**Task statement:**
The response should reproduce exactly the lines from the top of the listing below through the one that contains "- Immediately pour", and nothing else; pictures do not belong in it.

**Provided material:**
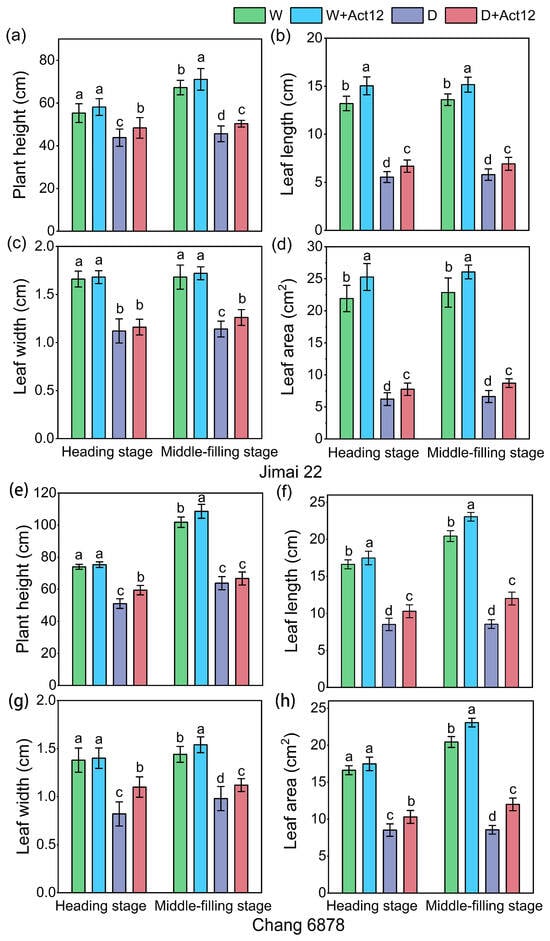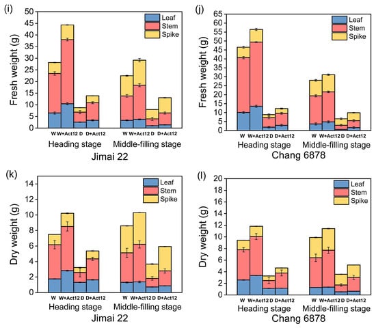 Effects of Act12 inoculation on plant height (a,e), leaf length (b,f), leaf width (c,g), leaf area (d,h), fresh weight of leaves, stems, and spikes (i,j), and dry weight of leaves, stems, and spikes (k,l) in two wheat varieties ((a–d,i,k) Jimai 22; (e–h,j,l) Chang 6878) at the heading and middle-filling stages under different water conditions. Data are presented as mean ± standard deviation (SD) with n = 5. Statistically significant differences are denoted by distinct alphabetical letters (p < 0.05).
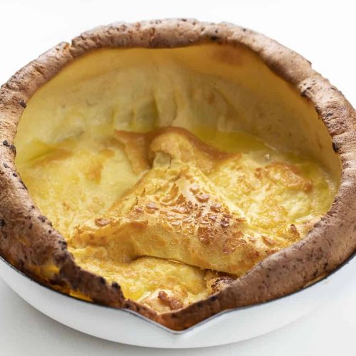 - Immediately pour the batter into the hot skillet and return it to the oven. Bake for 20 minutes, or until the pancake is puffed and golden brown around the edges. Do not open the oven door during baking to prevent collapsing.
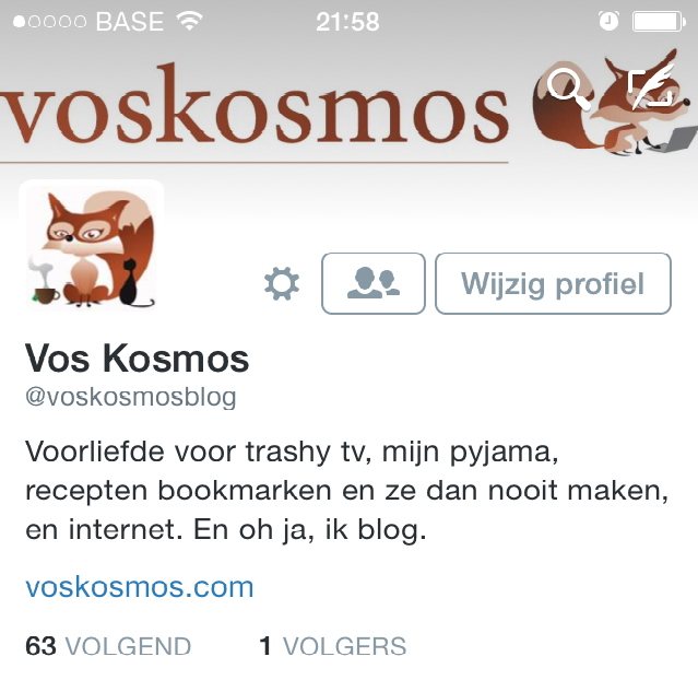 Dag mijn lieve zondagskinderen. Ik ga de ZZ vandaag beginnen met een dienstmededeling: ik heb een Twitteraccount gemaakt! Dus als jullie mijn onnozelheden graag op regelmatige basis in 140 tekens willen volgen, één adres: @voskosmosblog.

**Task output:**
 Effects of Act12 inoculation on plant height (a,e), leaf length (b,f), leaf width (c,g), leaf area (d,h), fresh weight of leaves, stems, and spikes (i,j), and dry weight of leaves, stems, and spikes (k,l) in two wheat varieties ((a–d,i,k) Jimai 22; (e–h,j,l) Chang 6878) at the heading and middle-filling stages under different water conditions. Data are presented as mean ± standard deviation (SD) with n = 5. Statistically significant differences are denoted by distinct alphabetical letters (p < 0.05).
 - Immediately pour the batter into the hot skillet and return it to the oven. Bake for 20 minutes, or until the pancake is puffed and golden brown around the edges. Do not open the oven door during baking to prevent collapsing.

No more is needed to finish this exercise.